Purpose: Assisted download of selected samples from GISAID or EPI_SET creation.
gisaid-download
is a tool for acuiring metadata for selected samples from gisaid. It was produced primarily for use with the EpiCoV database but should work just as well for EpiFlu or EpiPox. Fully-automated download from gisaid's website is tricky, but manual download is a slow, error-prone process requiring renaming and moving around files as you go. With gisaid-download
, you are guided through the process of downloading desired samples.
Downloading Samples:
- keeps track of which samples you (or your team-mates) have already downloaded so you only get the new ones
- can download batches of samples from multiple locations
- moves/renames files to a consolidated directory as they're downloaded
- can limit which metadata files you download to any combination of the following:
- fasta: [Nucleotide sequences]
- meta: [Dates and Location, Patient status metadata, Sequencing technology metadata]
- ackno: [Acknowledgement pdfs] (can only do this for 500 samples at a time, so EPI_SETs are better)
Uploading samples for further analysis:
- can upload all that data to an hpc via sftp
- can add a command to run after upload to start your analysis pipeline (We might make ours available someday!)
Getting an EPI_SET:
- can walk you through getting an EPI_SET identifier for all of your samples
- this will be emailed to you by GISAID
Some of the above features use sftp or ssh via scripted commands with the help of the package hpc-interact. It has its own config for storing login credentials. If needed and not yet made, your credentials will be gathered over the command line. That file can be specified in gisaid_config.ini and only requires two lines:
username=myuser
password=mypass
pip install gisaid-download
The first time you use gisaid-download
, you'll need to set up a config file: gisaid_config.ini . Download it to your pwd or chosen outdir via:
gisaid_download --example -o gisaid/directory
Edit the config file to serve your needs. There are details in there that explain most everything.

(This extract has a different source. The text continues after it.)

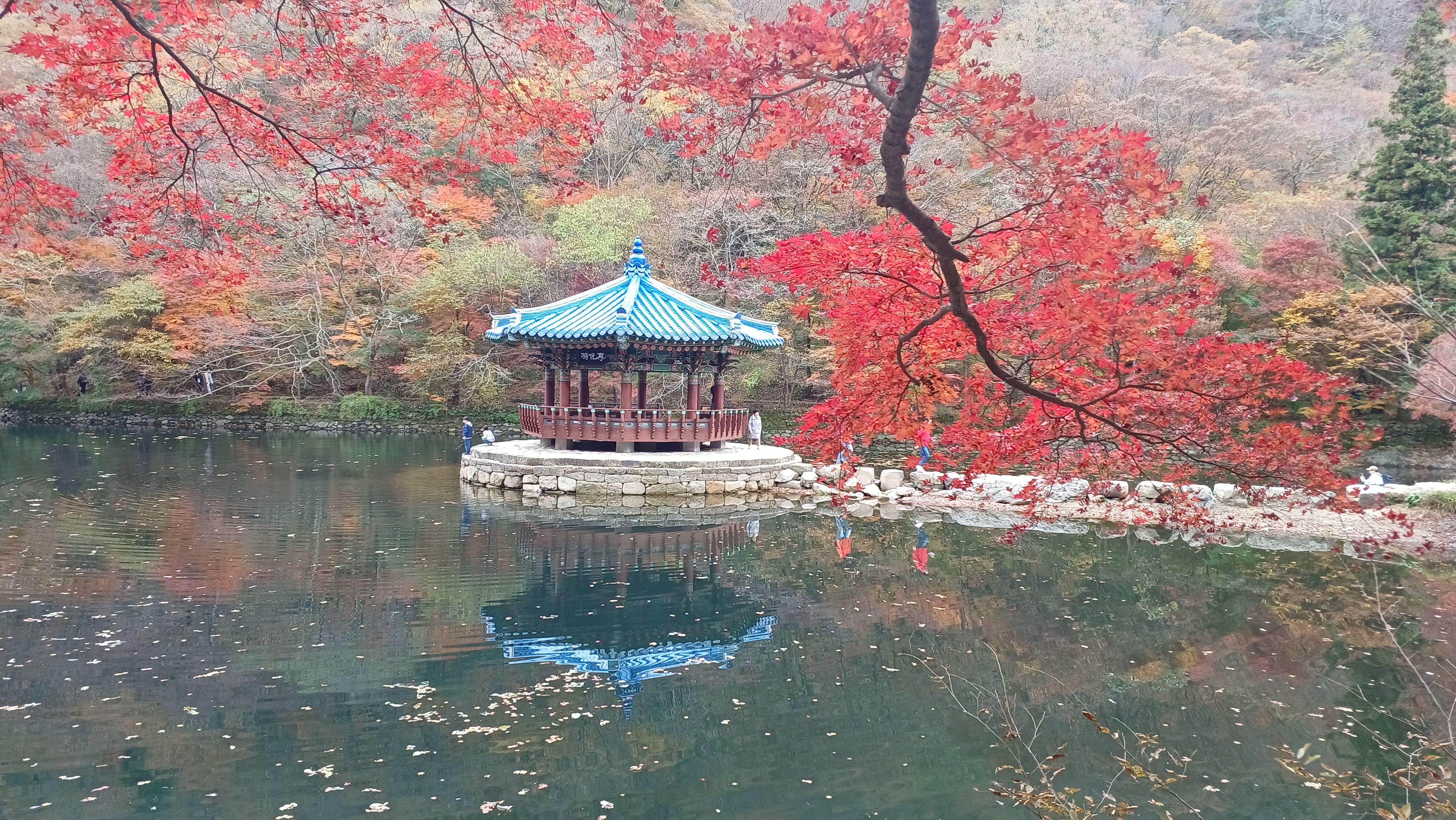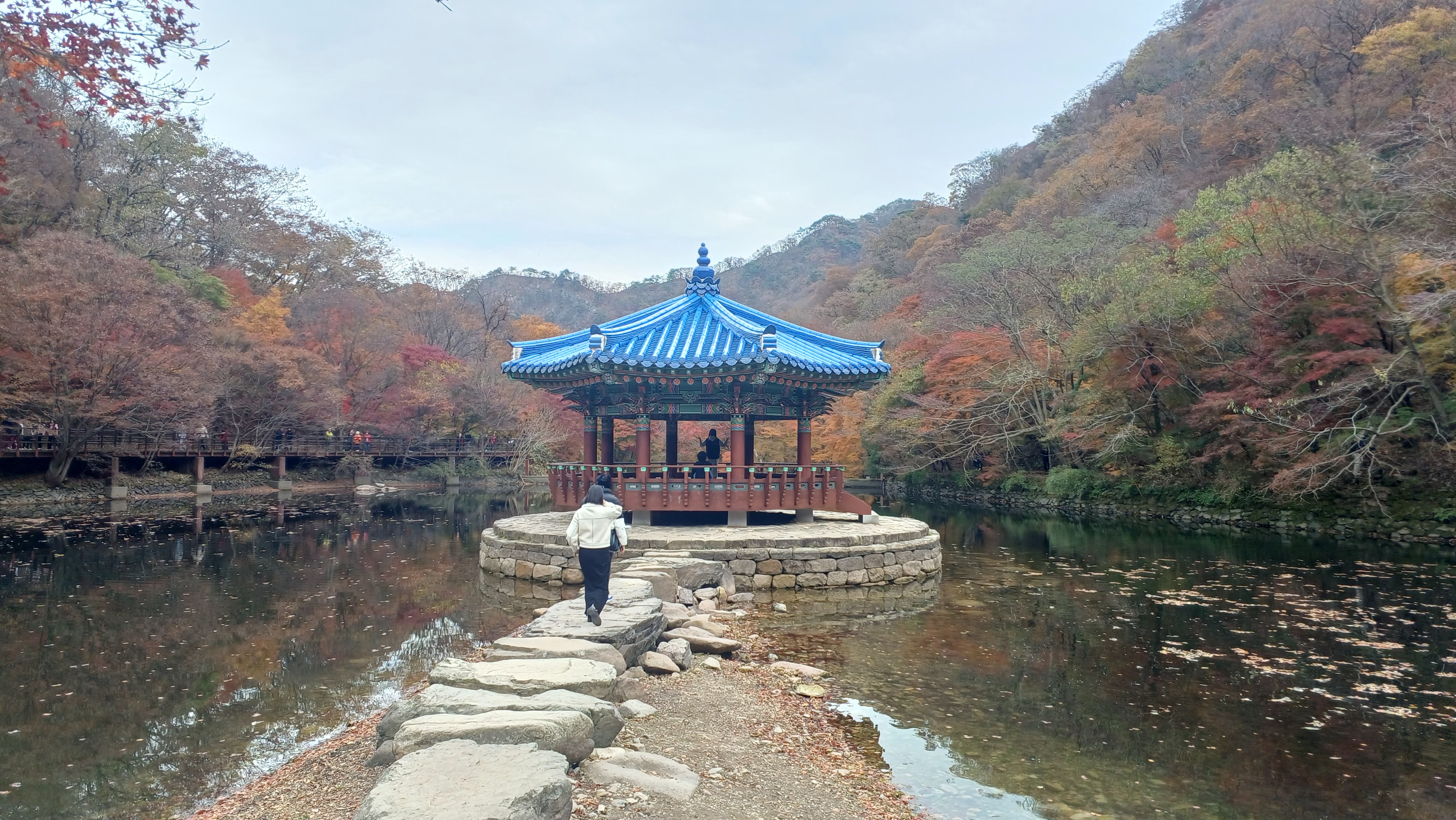 단풍길을 따라 걷다 보면 내장산의 명소 중 하나인 우화정에 도착합니다. 붉은 단풍 속에 자리한 우화정을 기대했지만, 생각보다 단풍이 풍성하지 않아 약간 아쉬웠어요. 우화정은 연못과 어우러진 풍경이 아름다운 곳이니, 단풍이 절정일 때 방문하면 더욱 멋진 모습을 볼 수 있을 겁니다.

Now you're ready to do the download and/or get your EPI_SET. Let's say we only want samples that were collected before 2023. We'll set a date (required for creating unique filenames). To run, do this:
sample_date='2023-01-01'
gisaid_download ${sample_date}
The above command triggers up to four steps. Steps 1, 3, and 4 only happen if you're interacting with the hpc cluster. If using the --no_cluster
(or -n
) flag, they will be skipped.
If you're planning on transferring downloaded data to an hpc, the above command will first look for samples that already exist on the hpc at your cluster_epicov_dir
(from config). This uses sftp via (via hpc-interact). If no data yet exists on the cluster or you're the only one downloading samples and transferring them to the hpc, you can skip this step by adding the --skip_local_update
(or -s
) flag like this:
gisaid_download ${sample_date} --skip_local_update
The flag -n
can also be used to skip this step along with step 3 and 4.
This is an interactive download that by default requires pressing enter after each step. If you don't want to press enter as much (like if you get in the rhythm and can't be bothered to stop...), you can add the --quick
(or -q
) flag like this
gisaid_download ${sample_date} --quick
Using sftp (via hpc-interact), all the data downloaded in Step 2 will be uploaded to the hpc at your cluster_epicov_dir
.
The flag -n
can also be used to skip this step along with step 1 and 4.
If specified in your gisaid_config.ini, followup_command
will be run by ssh through hpc-interact. This could be any string, but we recommend setting it to run a script that will begin analyzing the data you just uploaded.